Your assignment:
Among the lines of the listing below, retype exactly those from the one containing "曼城在前場(chǎng)的施壓,迫使利物浦頻繁丟失球權(quán)。" through the one containing "เมื่อวันที่ 13 ตุลาคม", both included. Do not include pictures.

Input for this task:
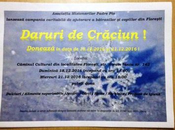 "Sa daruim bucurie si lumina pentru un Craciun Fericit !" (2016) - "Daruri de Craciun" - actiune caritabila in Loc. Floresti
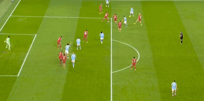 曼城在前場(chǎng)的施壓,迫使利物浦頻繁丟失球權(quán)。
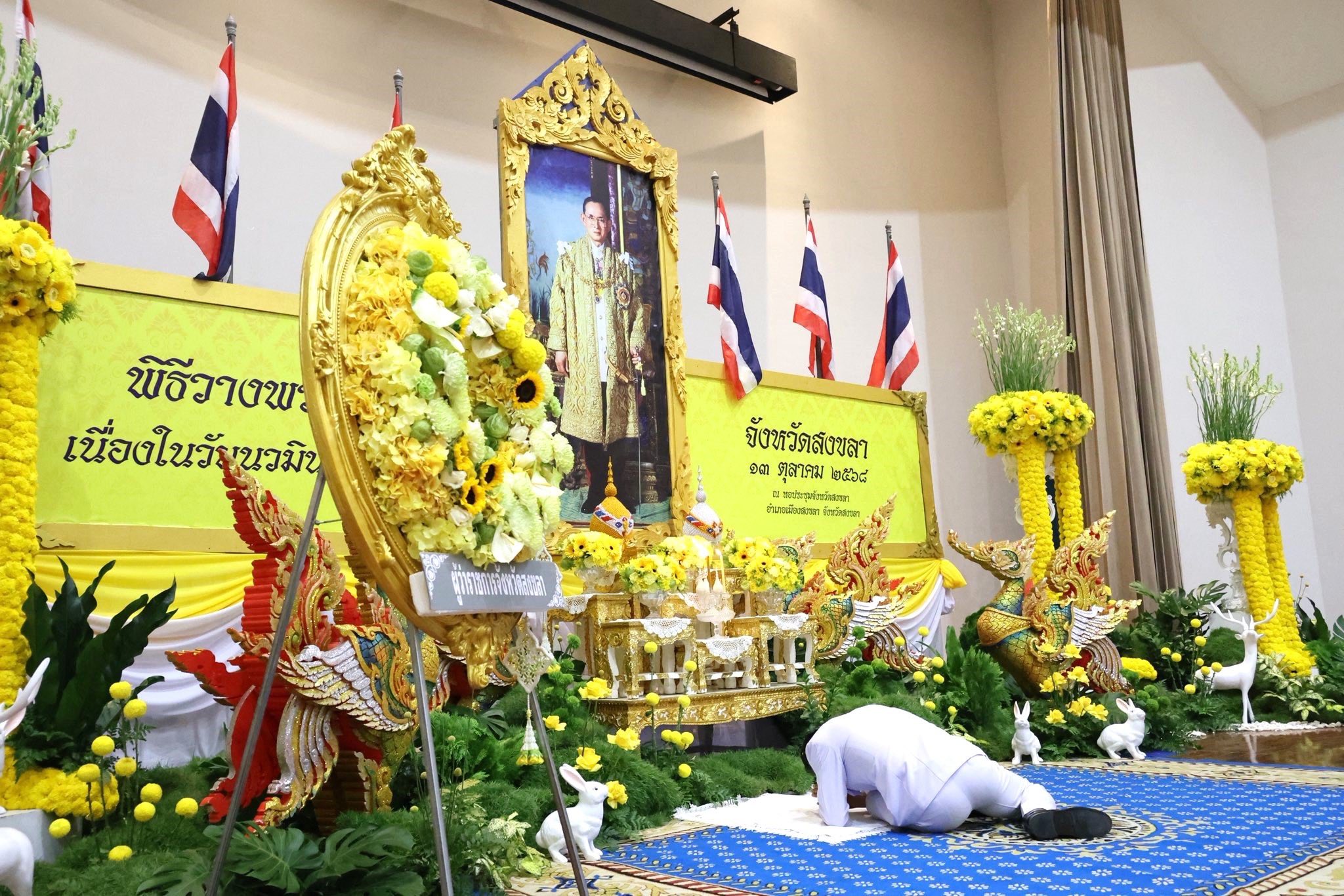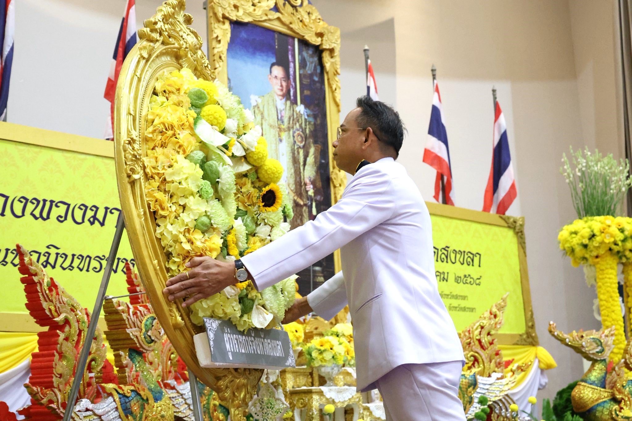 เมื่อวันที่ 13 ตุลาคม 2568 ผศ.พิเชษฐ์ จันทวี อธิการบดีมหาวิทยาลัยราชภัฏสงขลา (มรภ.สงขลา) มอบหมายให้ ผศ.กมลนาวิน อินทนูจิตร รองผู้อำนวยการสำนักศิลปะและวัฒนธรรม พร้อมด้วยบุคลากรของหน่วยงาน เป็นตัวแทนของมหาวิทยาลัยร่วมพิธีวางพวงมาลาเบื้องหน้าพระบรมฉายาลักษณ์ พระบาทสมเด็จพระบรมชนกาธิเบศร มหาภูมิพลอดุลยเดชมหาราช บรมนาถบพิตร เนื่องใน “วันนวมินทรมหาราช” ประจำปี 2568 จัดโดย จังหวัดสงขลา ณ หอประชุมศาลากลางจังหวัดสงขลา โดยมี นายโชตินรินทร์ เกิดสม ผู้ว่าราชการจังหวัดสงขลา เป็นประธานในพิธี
---
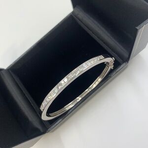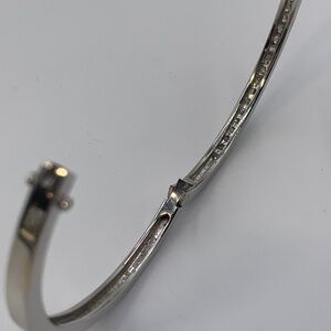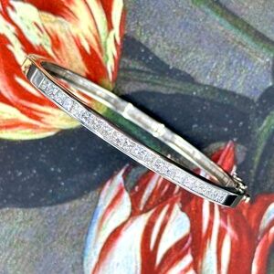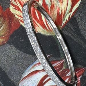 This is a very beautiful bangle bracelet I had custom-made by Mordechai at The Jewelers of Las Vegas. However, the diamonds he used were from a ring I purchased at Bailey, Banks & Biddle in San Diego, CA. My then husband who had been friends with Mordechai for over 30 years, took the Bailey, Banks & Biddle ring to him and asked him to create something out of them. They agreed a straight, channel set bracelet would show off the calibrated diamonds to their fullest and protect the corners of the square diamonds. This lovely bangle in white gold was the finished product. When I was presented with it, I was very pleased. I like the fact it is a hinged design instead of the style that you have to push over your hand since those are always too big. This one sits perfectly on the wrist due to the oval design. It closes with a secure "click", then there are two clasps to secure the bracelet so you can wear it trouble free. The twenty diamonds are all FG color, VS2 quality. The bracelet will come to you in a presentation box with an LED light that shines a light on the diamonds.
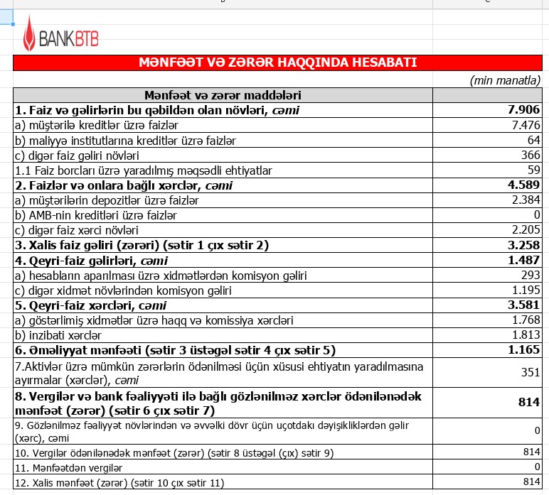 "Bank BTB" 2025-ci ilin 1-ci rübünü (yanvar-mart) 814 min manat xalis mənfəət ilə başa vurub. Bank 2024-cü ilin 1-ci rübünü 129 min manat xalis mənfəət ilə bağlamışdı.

Exercise response:
 曼城在前場(chǎng)的施壓,迫使利物浦頻繁丟失球權(quán)。
 เมื่อวันที่ 13 ตุลาคม 2568 ผศ.พิเชษฐ์ จันทวี อธิการบดีมหาวิทยาลัยราชภัฏสงขลา (มรภ.สงขลา) มอบหมายให้ ผศ.กมลนาวิน อินทนูจิตร รองผู้อำนวยการสำนักศิลปะและวัฒนธรรม พร้อมด้วยบุคลากรของหน่วยงาน เป็นตัวแทนของมหาวิทยาลัยร่วมพิธีวางพวงมาลาเบื้องหน้าพระบรมฉายาลักษณ์ พระบาทสมเด็จพระบรมชนกาธิเบศร มหาภูมิพลอดุลยเดชมหาราช บรมนาถบพิตร เนื่องใน “วันนวมินทรมหาราช” ประจำปี 2568 จัดโดย จังหวัดสงขลา ณ หอประชุมศาลากลางจังหวัดสงขลา โดยมี นายโชตินรินทร์ เกิดสม ผู้ว่าราชการจังหวัดสงขลา เป็นประธานในพิธี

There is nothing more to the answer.